The Particular Trauma of Working for an Airline During a Disaster

For flight attendants, whose job it is to take to the skies several times a week or even multiple times a day, the aftermath of a tragedy like last week's crash in Ukraine can be excruciating. And, in the case of MH17, says Jeffrey M. Lating, a professor of psychology at Loyola University Maryland who studied how flight attendants coped following 9/11, the particulars of the crash—the second in one year for the same airline, and the result of human action—may make it all the more difficult.

Lating says that the lifetime prevalence rate of posttraumatic stress disorder (PTSD) is around 10 percent, though that can vary given the type of vocation (e.g., military, police, and firefighters frequently have higher-than-average PTSD rates) and type of incident (rape and torture produce PTSD at greater rates than other types of trauma).
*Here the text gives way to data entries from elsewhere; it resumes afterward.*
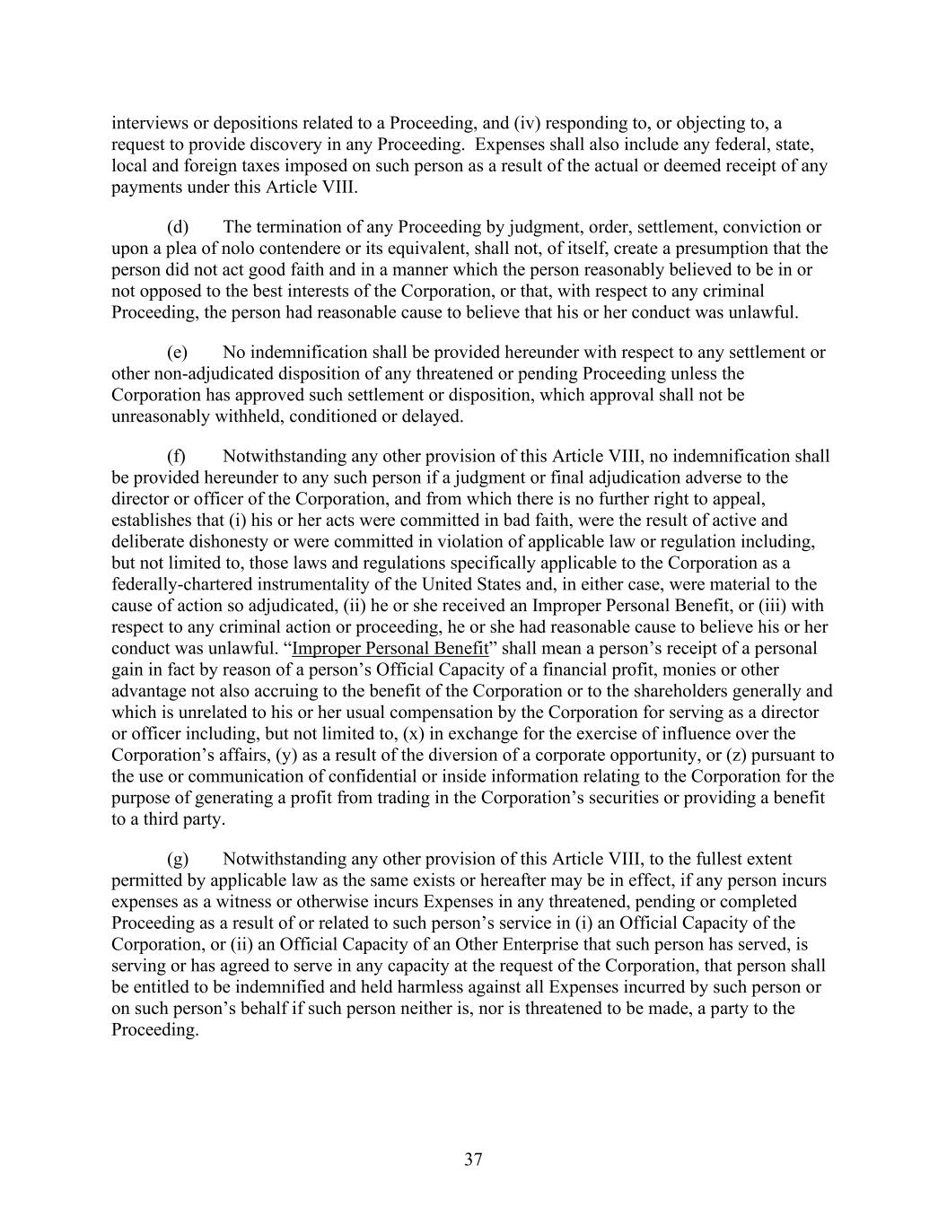 37 interviews or depositions related to a Proceeding, and (iv) responding to, or objecting to, a request to provide discovery in any Proceeding. Expenses shall also include any federal, state, local and foreign taxes imposed on such person as a result of the actual or deemed receipt of any payments under this Article VIII. (d) The termination of any Proceeding by judgment, order, settlement, conviction or upon a plea of nolo contendere or its equivalent, shall not, of itself, create a presumption that the person did not act good faith and in a manner which the person reasonably believed to be in or not opposed to the best interests of the Corporation, or that, with respect to any criminal Proceeding, the person had reasonable cause to believe that his or her conduct was unlawful. (e) No indemnification shall be provided hereunder with respect to any settlement or other non-adjudicated disposition of any threatened or pending Proceeding unless the Corporation has approved such settlement or disposition, which approval shall not be unreasonably withheld, conditioned or delayed. (f) Notwithstanding any other provision of this Article VIII, no indemnification shall be provided hereunder to any such person if a judgment or final adjudication adverse to the director or officer of the Corporation, and from which there is no further right to appeal, establishes that (i) his or her acts were committed in bad faith, were the result of active and deliberate dishonesty or were committed in violation of applicable law or regulation including, but not limited to, those laws and regulations specifically applicable to the Corporation as a federally-chartered instrumentality of the United States and, in either case, were material to the cause of action so adjudicated, (ii) he or she received an Improper Personal Benefit, or (iii) with respect to any criminal action or proceeding, he or she had reasonable cause to believe his or her conduct was unlawful. “Improper Personal Benefit” shall mean a person’s receipt of a personal gain in fact by reason of a person’s Official Capacity of a financial profit, monies or other advantage not also accruing to the benefit of the Corporation or to the shareholders generally and which is unrelated to his or her usual compensation by the Corporation for serving as a director or officer including, but not limited to, (x) in exchange for the exercise of influence over the Corporation’s affairs, (y) as a result of the diversion of a corporate opportunity, or (z) pursuant to the use or communication of confidential or inside information relating to the Corporation for the purpose of generating a profit from trading in the Corporation’s securities or providing a benefit to a third party. (g) Notwithstanding any other provision of this Article VIII, to the fullest extent permitted by applicable law as the same exists or hereafter may be in effect, if any person incurs expenses as a witness or otherwise incurs Expenses in any threatened, pending or completed Proceeding as a result of or related to such person’s service in (i) an Official Capacity of the Corporation, or (ii) an Official Capacity of an Other Enterprise that such person has served, is serving or has agreed to serve in any capacity at the request of the Corporation, that person shall be entitled to be indemnified and held harmless against all Expenses incurred by such person or on such person’s behalf if such person neither is, nor is threatened to be made, a party to the Proceeding.
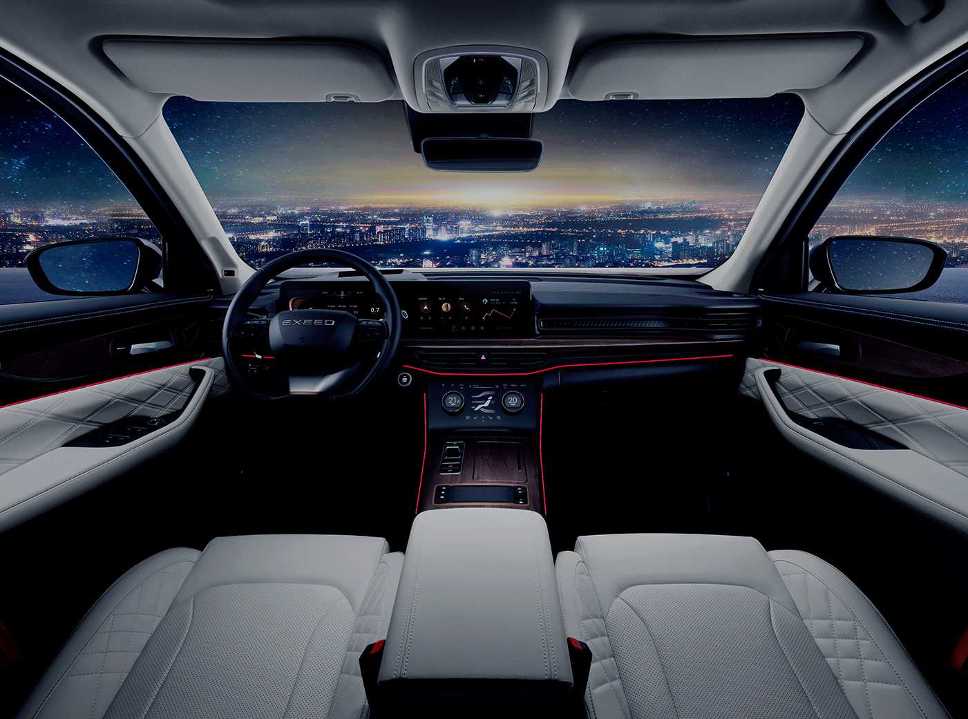 На Exeed VX используется панорамная крыша из ударопрочного стекла с теплозащитной пленкой. Предусмотрено кнопочное и голосовое управление люком, а датчик дождя автоматически закрывает панель, защищая салон от воздействия влаги. Средний ряд кресел Exeed VX оснащен механизмом для регулировки по расстоянию до передних сидений, имеется привод для плавной корректировки угла наклона спинки. Передние сиденья оснащены электрическими приводами для настройки положения с памятью.
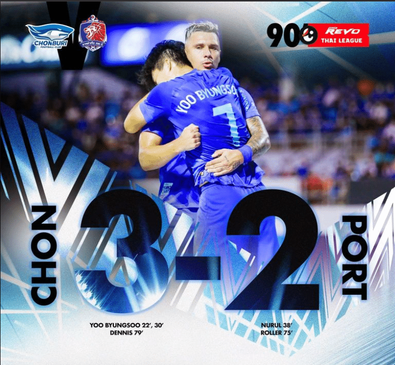ท้ายสุดจบเกม 90 นาที ชลบุรี เอฟซี เปิดบ้านเอาชนะ การท่าเรือ เอฟซี เก็บเพิ่มเป็น 35 แต้ม ขึ้นมาอยู่อันดับ 2 ส่วนทีมเยือนมีอยู่ 29 แต้ม เท่าเดิม อยู่อันดับ 7

When researchers looked at rescue workers at the site of the Oklahoma City bombing, Lating told me, they found rates of probable PTSD at around 13 percent.

For flight attendants who worked at American Airlines on 9/11, the rates were even higher—just over 18 percent. This number is so high, Lating says, it is comparable to the rates seen among people living south of Canal Street in Manhattan, the neighborhoods closest to Ground Zero.
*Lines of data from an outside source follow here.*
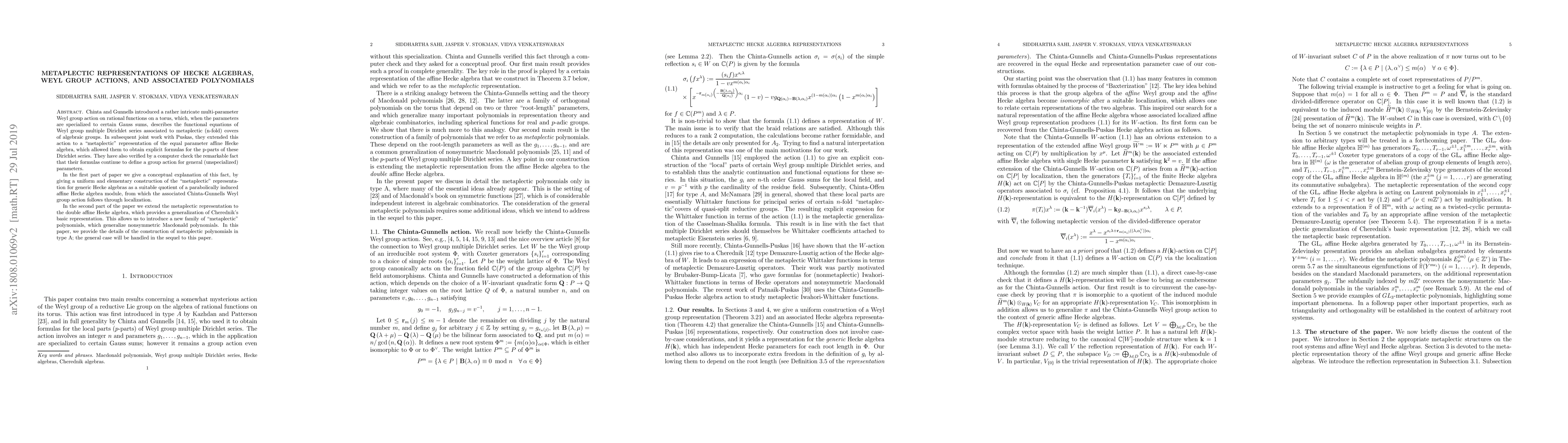 Chinta and Gunnells introduced a rather intricate multi-parameter Weyl group action on rational functions on a torus, which, when the parameters are specialized to certain Gauss sums, describes the functional equations of Weyl group multiple Dirichlet series associated to metaplectic (n-fold) covers of algebraic groups. In subsequent joint work with Puskas, they extended this action to a "metaplectic" representation of the equal parameter affine Hecke algebra, which allowed them to obtain explicit formulas for the p-parts of these Dirichlet series. They have also verified by a computer check the remarkable fact that their formulas continue to define a group action for general (unspecialized) parameters. In the first part of paper we give a conceptual explanation of this fact, by giving a uniform and elementary construction of the "metaplectic" representation for generic Hecke algebras as a suitable quotient of a parabolically induced affine Hecke algebra module, from which the associated Chinta-Gunnells Weyl group action follows through localization. In the second part of the paper we extend the metaplectic representation to the double affine Hecke algebra, which provides a generalization of Cherednik's basic representation. This allows us to introduce a new family of "metaplectic" polynomials, which generalize nonsymmetric Macdonald polynomials. In this paper, we provide the details of the construction of metaplectic polynomials in type A; the general case will be handled in the sequel to this paper.
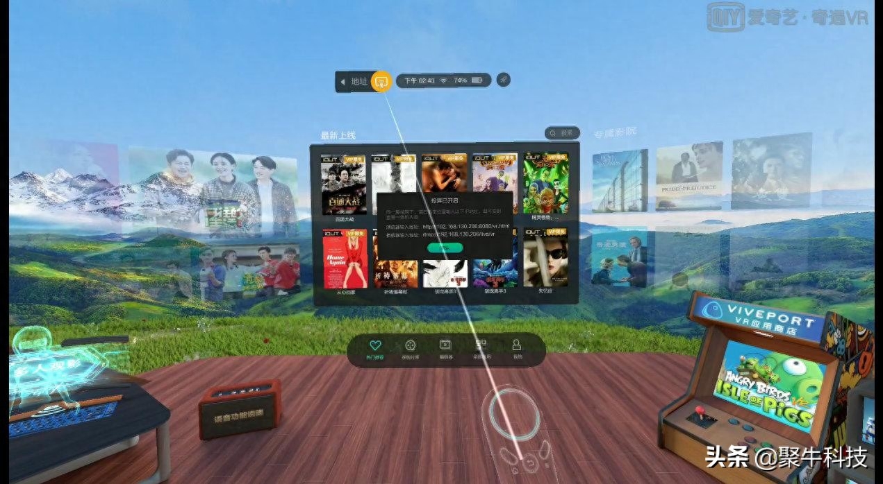 全篇文章中,所有右上角标有“爱奇艺·奇遇VR”水印的VR截图全部出自于奇遇2S的投屏功能,无论是GIF图还是截图画面。至于投屏操作非常简单,将奇遇2S和投屏设备连接至相同网络内,当然通过本地局域网投屏也可以,唯一的区别就是不能联网。
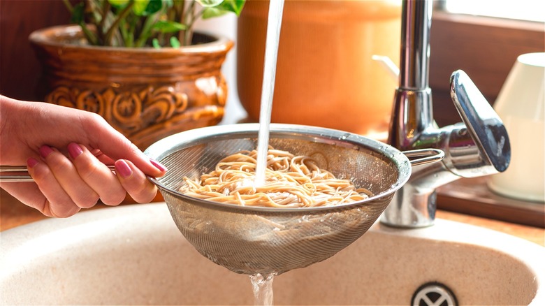 When you're ready to take soba noodles off the heat, Namiko Hirasawa Chen recommends dousing soba noodles with cold water after draining. Chen claims, "Rinsing removes the excess starch, keeps the soba from sticking together, and stops the cooking." Furthermore, you may want to move the noodles around with your hands to help the process along. If you're planning to serve freshly prepared soba noodles in a bowl of hot soup, transfer them to the broth right away. The longer cooked soba noodles stay in your colander without water, the higher the chance of them clumping together.
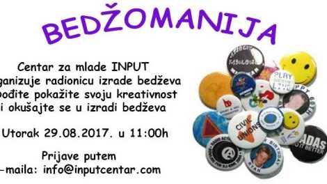 Centar za mlade INPUT organizuje kreativnu radionicu izrade bedževa pod nazivom BEDŽOMANIJA u utorak 29.08.2017. u 11:00h. Izrađivati ćemo bedževe...
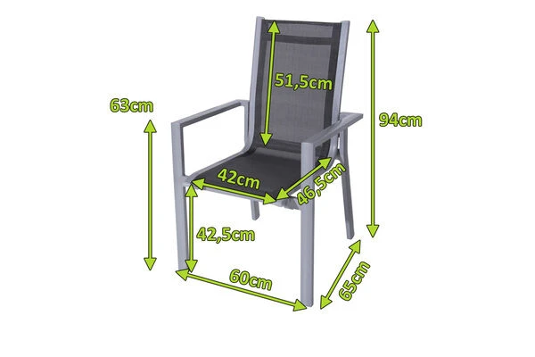 Leicht und gleichzeitig unheimlich stark: das sind die modernen Stapelsessel von OUTFLEXX®. Für das schicke und solide Gestell kommt korrosionsbeständiges Aluminium mit Pulverbeschichtung im glanzvollen Silberton zum Einsatz. Bespannt wird das Gestell mit Textilene im passenden Grauton und es sorgt für ein herrlich luftiges Sitzgefühl, das seinesgleichen sucht. Die durchgehende Sitz- und Rückenfläche ist darüber hinaus unglaublich hautsympathisch und verliert nie ihre Form. Die Gesamtmaße des Sessels liegen bei ca. 65 x 60 x 94 cm. Mit einer Sitzbreite von ca. 42 cm und einer Sitztiefe von ca. 46,5 cm sitzen Sie stets komfortabel. Bei einer Sitzhöhe von ca. 42,5 cm passt der Sessel auch unter eine Vielzahl von Tischen und bietet Ihnen genügend Beinfreiheit. Erhöhten Komfort schenken Ihnen die schlichten und zugleich markanten Armlehnen aus Aluminium, die auch optisch zu überzeugen wissen. Dank der hochwertigen Materialien und erstklassigen Verarbeitung ist der ca. 3,3 kg leichte Sessel bis zu ca. 120 kg belastbar. Sie können das Federgewicht somit auch ganz nach Bedarf an Ihren Lieblingsplätzen aufstellen oder bei Bedarf in den Schatten bringen. Zur Aufbewahrung stapeln Sie den Sessel einfach platzsparend in der Garage oder im Gartenhäuschen bis zu seinem nächsten Einsatz.

Lating and his colleagues found no statistical difference in probable PTSD rates between West Coast flight attendants and East Coasters, who were much more likely to have known the flight attendants killed on 9/11. For flight attendants, it seems that the trauma they experience following a crash comes not only from the loss and tragedy itself, but also from a deep sense of vulnerability. A follow-up study in 2006 found similarly high rates of probable PTSD at another airline, further suggesting that "it didn't matter what airline you worked for," says Lating. "The virulent factor in this was, 'I wonder if I could possibly be next.' "

"I think that part of the difference, one potential difference, is that, for rescue workers in Oklahoma City, the threat was probably gone at that point," Lating speculates. "But when we were assessing flight attendants, close to nine months after the event, they still may have felt that they could be next."

Those fears can make just doing one's job as a flight attendant incredibly challenging. Many suffering from PTSD try to avoid sights and triggers that recall the initial trauma. But for flight attendants, those reminders are unavoidable, part of the work itself. To have to work through that anxiety, all the while servicing others and maintaining a sense of calm on a flight—"you could imagine how uncomfortable that would be," Lating says.

All of this would be present following any air disaster, but Lating suspects that crashes that result from human agency—acts of terrorism or war—"are potentially more psychologically pathogenic" because they seem to have an even greater effect on people's sense of vulnerability.

"One of the interesting things that we were told, anecdotally, by some of the flight attendants from 9/11, was that they considered themselves to be on the weapon of mass destruction," he said. That feeling, of the plane itself being "an intended target," would make people feel even more at risk.

To make matters worse, in this instance, is that this comes as the second major tragedy for Malaysia Airlines this year. Lating says that there can be a "dose-response relationship"—that the more you are exposed to something, the greater the chance of a certain response. Two tragedies in such close proximity may have compounding effects and lead to even greater rates of PTSD. How will the timing of this second crash affect flight attendants? Will PTSD rates be higher for those who work at Malaysia Airlines specifically? Those are empirical questions, Lating says, that can be answered down the road.

Lating says that at work in the fallout from a disaster is what some researchers call "the iceberg effect"—as he describes it, "that oftentimes there are more psychological than physical casualties."

"I think," he says, "that we need to try to be aware of that."